They opened a Kidz Bop experience at Hard Rock Riviera Maya in August 2019.

===Legoland music partnership===
In 2016, Legoland Florida appointed Kidz Bop as its official music partner, coinciding with the launch of Lego Ninjago World, on January 12, 2017. To celebrate the park's expansion, the Kidz Bop Kids recorded an original version of the park's (and the television series') theme song.

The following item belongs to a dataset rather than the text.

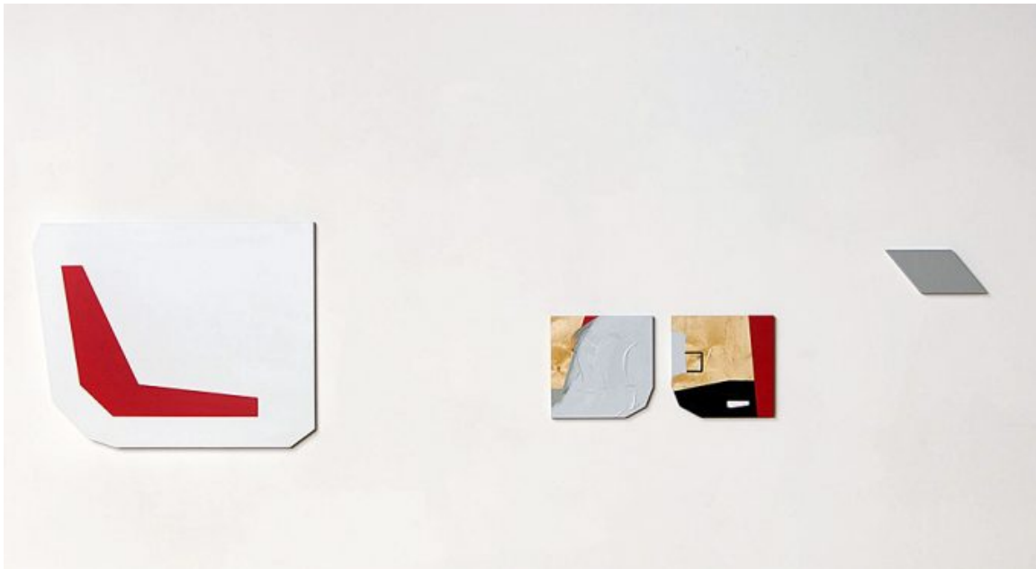
Simone DeSousa, "Calculating with Absence (The Secret Path)" Wall , Acrylic on Panel, 2016

DeSousa's early career in architecture is evident in her work- abstract and sharply minimal as it can be, it speaks in the silent, echoing language of space. The more built-up works read like cityscapes, layers of geometric forms and linear gestures crowding the picture plane, built up with industrial surface texture- swirls of resin and caulk. Some of those same textures appear in the quieter works, where they are accompanied by the barest of architectural scribbles, or simply given an unconventional format for a setting- DeSousa's panels bend, nick off at corners, elongate, and spread along the gallery walls more like evolving visual conversations than self-enclosed paintings.

===Crazy 8 fashion brand===
Kidz Bop partnered with children's clothing brand, Crazy 8 to launch the Kidz Bop clothing line. The line was designed by Crazy 8. The collection is made for babies, children and early adolescents. The line was released on November 7, 2016, in Crazy 8 stores and online. The Kidz Bop performers wore the collection on stage during their 2016 Life Of The Party tour.

===Kidz Star USA talent search===
In 2010, Kidz Bop launched Kidz Star USA, a national talent search for children aged 15 and under.

In 2011, Kiana Brown from Phoenix, Arizona, became the second winner and received a recording contract from RCA Records. Season 8 winner of American Idol, Kris Allen, was a celebrity judge and mentor for the competition.

Dallas Wayde was the 2012 Winner with Gavin DeGraw as his celebrity mentor.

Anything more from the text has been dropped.